Ramón Herrera y Rodado | |
Birth Date: | 7 December 1799 |
Death Date: | 1882 |
Nationality: | Chilean |
Serviceyears: | ?–1820; 1820–? |
Battles: | Independence of Peru War of the Confederation |
Ramón Herrera y Rodado (1799–1882) was a Chilean soldier who held important public positions in Peru during the government of José de la Riva Agüero and later during the Peru–Bolivian Confederation, being president of the South Peru and one of the trusted men of the protector Andrés de Santa Cruz.
He was the son of the couple Francisco Manuel de Herrera and Francisca de Paula Rodado, both natives of Peninsular Spain. His family had moved to America when his father began a bureaucratic career as a Crime Prosecutor of the Real Audiencia of Buenos Aires in the Viceroyalty of the Río de la Plata in 1787,[1] later holding the same position in the Captaincy General of Chile where in 1799 his son Ramón was born.
Following in the footsteps of his older brother Francisco de Paula Pedro Regalado, generally known as Pedro Herrera, he enlisted in the royalist army, later moving to Peru where he was part of the Concordia regiment stationed in Lima; His brother Pedro had died in 1816 in Chuquisaca, in the during the campaign of Viceroy Joaquín de la Pezuela in Upper Peru against the Army of the North.[2]
In 1820 he served as captain of the Numancia battalion; Together with the Venezuelan captain he led the arrest of Colonel Ruperto Delgado[3] and then handed this body over to the patriot side on the Huaura bridge, then becoming part of the United Liberating Army of Peru under the command of José de San Martín where he quickly rose to the rank of colonel.

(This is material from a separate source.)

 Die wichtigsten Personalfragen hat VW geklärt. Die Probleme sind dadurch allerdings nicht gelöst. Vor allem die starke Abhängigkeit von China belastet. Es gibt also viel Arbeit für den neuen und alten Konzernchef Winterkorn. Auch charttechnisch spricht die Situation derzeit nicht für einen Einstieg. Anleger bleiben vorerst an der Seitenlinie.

This event, one of the most decisive of the Liberating Expedition, allowed San Martín to increase his force with a veteran battalion and weakened the royalists to the same extent, who finally abandoned Lima. At the time Numancia went over to the patriots, it had 996 seats, of which 671 were Venezuelans and 325 Peruvians.
Decorated three times by San Martín and another three times by President Andrés de Santa Cruz; He was also Minister of War and Navy of Peru during the government of José de la Riva Agüero; Divisional general and Plenipotentiary Minister of Bolivia; President of the Government Council of South Peru and its Minister of War; finally elevated to President of the same country.

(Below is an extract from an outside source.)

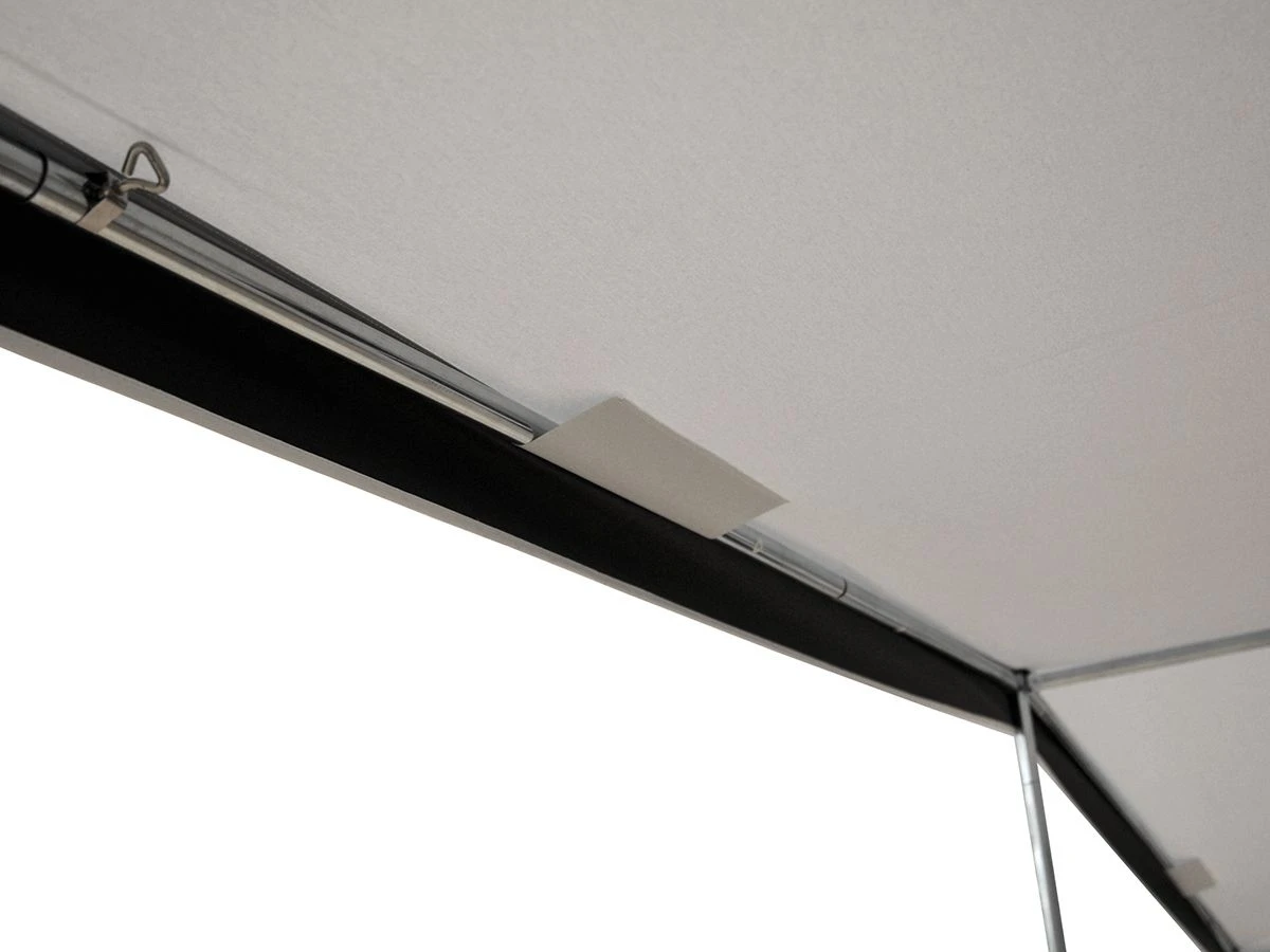 De achterzijde van de Marvella dakluifel is voorzien van verstevigingsvlakken. Hier kunnen optionele zeilogen in bevestigd worden zodat de Marvella dakluifel ook als voortentluifel gebruikt kan worden. Om de juiste maat te bepalen meet je de afstand tussen de punten van de voortent. Dit wordt ook wel de A-B maat genoemd. Je kiest dan de luifel waar de door jou gemeten maat tussen valt.

As President of South Peru, he was one of the negotiators of the Treaty of Paucarpata in 1837, which established peace between the Peru–Bolivian Confederation and the Republic of Chile, which was subsequently not recognized by the Chilean government; Once hostilities restarted, he fought in the Battle of Yungay where he commanded the Bolivian division of the Confederate Army. Once the war ended and Peru and Bolivia were plunged into anarchy, he went into self-exile, going to Argentina and Chile and then heading to Europe where he would live until the end of his days. During his stay in Peru he was married three times and had seven children.
Away from public life, he would die in Florence, Italy when his native country and the other two he had served faithfully were still fighting in the War of the Pacific.